Reality of Aid Secretariat October 9, 2013
The Agenda For Change, first unveiled in 2011 and approved in May 2012, will determine European Union (EU)’s development policy in the coming years. It is an attempt to improve EU poverty reduction efforts by making its development assistance “more strategic, targeted and results-oriented”. [i] “Impact” has become a buzzword among European development officials but issues that plague European development cooperation over the years call to question whether or not the new overseas aid policy can indeed bring about real transformation in the lives of the poor in Asia & the Pacific.
EU development cooperation in principle is guided by the Lisbon Treaty, which states that the Union’s development cooperation policy shall have as its primary objective the eradication of poverty. Policy coherence for development is also an explicit obligation within the treaty. [ii] EU also underlines that human rights, democracy and rule of law are fundamental underlying principles for each development agreement, along with environmental sustainability and gender equality. It has also affirmed through the Paris, Accra and Busan agreements its commitment to the principles of ownership, mutual accountability, removal of conditionality in aid and untying of aid, and the promotion of inclusive development partnerships which means the recognition of different and complementary roles of all actors, including the recognition of CSOs as development actors in their own right.
It is important to critically examine whether the reality of EU development cooperation matches the fine image that its treaties and proclamations suggest.
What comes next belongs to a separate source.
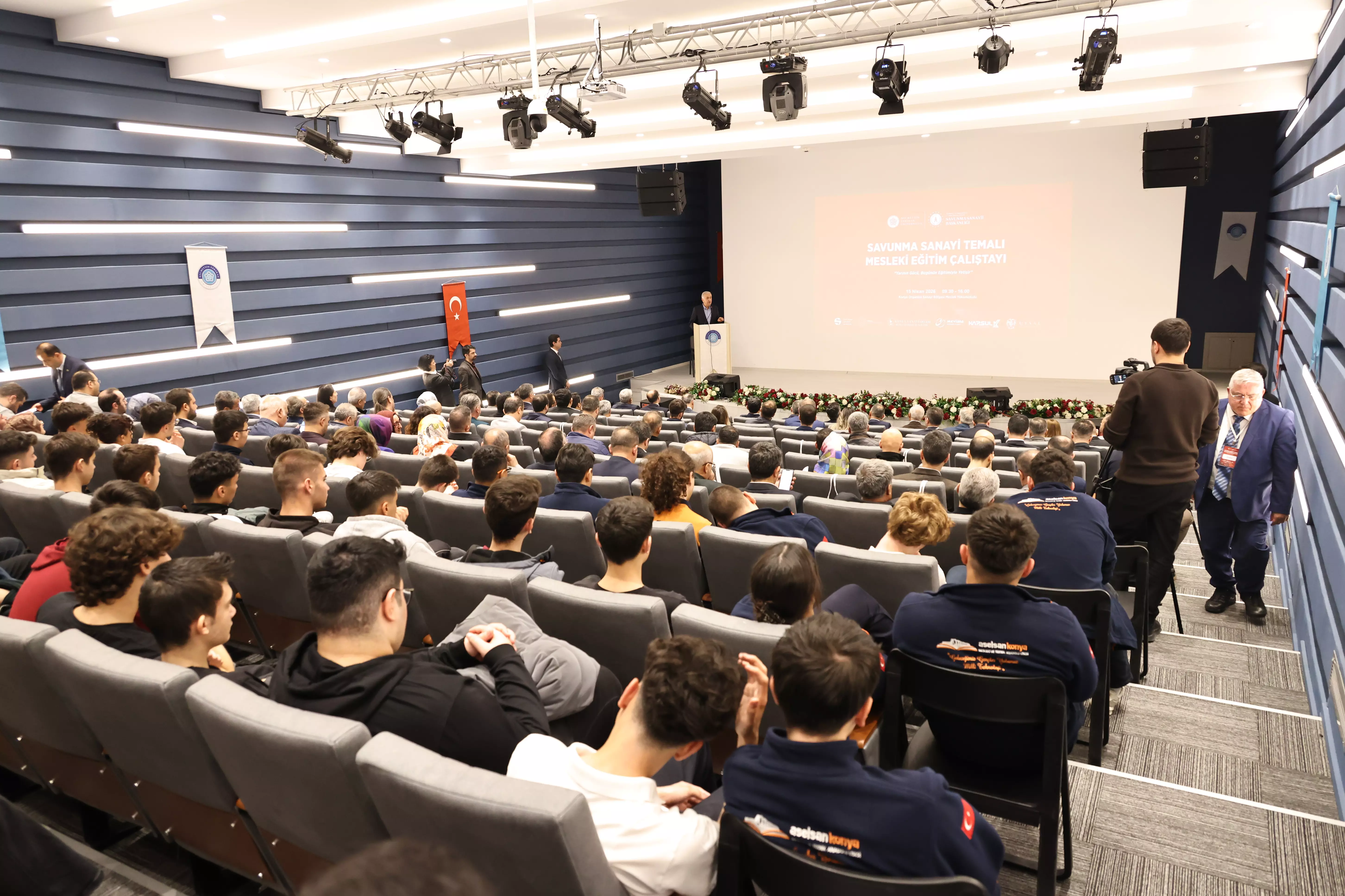 Türk savunma sanayini daha ileri taşıyacak insan kaynağı ve mesleki eğitimin tüm yönleriyle ele alındığı çalıştay, Savunma Sanayii Başkan Yardımcısı Prof. Dr. Hakan Karataş, Cumhurbaşkanlığı Denetleme Kurulu Denetçisi Mehmet Salih Canbal, Konya Sanayi Odası Başkanı Mustafa Büyükeğen, NEÜ Rektör Yardımcısı Prof. Dr. Hidayet Oğuz, MEVKA Genel Sekreteri İhsan Bostancı, Konya İl Milli Eğitim Müdürü Murat Yiğit ile çok sayıda sektör temsilcisi ve öğrencilerin katılımıyla gerçekleştirildi.

Fragmentation and proliferation of the EU aid architecture
The EU aid architecture is highly fragmented. The EU 27 member states each choose their own partner countries, priority sectors and levels of financial allocation in sovereign decisions. The European Commission (EC), in fact, is only the EU’s 28th provider, making it a donor in its own right. Many member states, and the Commission, maintain several different aid agencies or financing mechanisms – each agency has its own regulations and guidelines, attach their own conditions to aid, and conduct their own monitoring and evaluation exercises.
This fragmentation and proliferation of the EU aid architecture has severe implications for both parties involved in development cooperation. For EU donors it means they have to invest time and money in cumbersome coordination, or the result will be waste from unnecessary duplication. The EU’s partner countries in turn have to negotiate with all these donors separately, receiving and entertaining their missions and writing progress reports, to mention just a few of the tasks this entails. The bureaucracy distracts from the core work of administering the country and providing public services for the citizens, and involves high costs in poor countries, which often lack capacity or resources. [iii]
Failure to meet aid commitments
In 1970, the UN general assembly agreed that "economically advanced countries" should make efforts to provide 0.7% of gross national income as official development assistance (ODA). The initial idea was that donors should achieve this target by the mid-1970s, but most EU member states have not reached the figure.